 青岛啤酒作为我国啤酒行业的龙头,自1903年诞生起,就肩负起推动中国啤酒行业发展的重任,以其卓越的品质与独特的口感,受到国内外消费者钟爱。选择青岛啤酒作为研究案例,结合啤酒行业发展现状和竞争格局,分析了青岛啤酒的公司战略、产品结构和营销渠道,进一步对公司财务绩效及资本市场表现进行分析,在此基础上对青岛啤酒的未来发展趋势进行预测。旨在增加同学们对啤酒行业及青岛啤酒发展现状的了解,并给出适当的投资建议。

...

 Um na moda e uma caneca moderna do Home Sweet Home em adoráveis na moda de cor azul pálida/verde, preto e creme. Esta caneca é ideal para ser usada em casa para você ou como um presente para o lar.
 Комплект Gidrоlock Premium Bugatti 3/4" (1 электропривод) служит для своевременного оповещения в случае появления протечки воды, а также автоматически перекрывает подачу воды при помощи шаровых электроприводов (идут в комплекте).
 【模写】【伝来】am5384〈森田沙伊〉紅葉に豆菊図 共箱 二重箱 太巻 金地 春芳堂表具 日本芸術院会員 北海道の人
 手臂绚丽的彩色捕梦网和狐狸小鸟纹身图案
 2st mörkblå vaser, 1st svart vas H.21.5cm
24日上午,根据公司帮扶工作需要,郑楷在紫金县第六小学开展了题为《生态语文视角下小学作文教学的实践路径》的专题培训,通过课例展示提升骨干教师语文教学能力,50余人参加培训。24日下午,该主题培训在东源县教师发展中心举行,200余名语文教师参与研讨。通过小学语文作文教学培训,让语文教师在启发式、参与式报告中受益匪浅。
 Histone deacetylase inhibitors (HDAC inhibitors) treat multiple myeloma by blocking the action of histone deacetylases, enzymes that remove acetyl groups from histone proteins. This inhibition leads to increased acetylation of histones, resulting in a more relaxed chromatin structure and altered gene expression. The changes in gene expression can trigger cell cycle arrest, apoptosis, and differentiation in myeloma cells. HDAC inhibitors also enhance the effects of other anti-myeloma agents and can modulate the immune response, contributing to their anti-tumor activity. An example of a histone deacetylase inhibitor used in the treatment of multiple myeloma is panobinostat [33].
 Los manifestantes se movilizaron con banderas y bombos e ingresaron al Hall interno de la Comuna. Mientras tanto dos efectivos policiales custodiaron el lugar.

> [Exercise brief] Copy, exactly and only, the lines above that begin with the one containing "Um na moda e" and finish with the one containing "Комплект Gidrоlock Premium".

> [Solved problem]
 Um na moda e uma caneca moderna do Home Sweet Home em adoráveis na moda de cor azul pálida/verde, preto e creme. Esta caneca é ideal para ser usada em casa para você ou como um presente para o lar.
 Комплект Gidrоlock Premium Bugatti 3/4" (1 электропривод) служит для своевременного оповещения в случае появления протечки воды, а также автоматически перекрывает подачу воды при помощи шаровых электроприводов (идут в комплекте).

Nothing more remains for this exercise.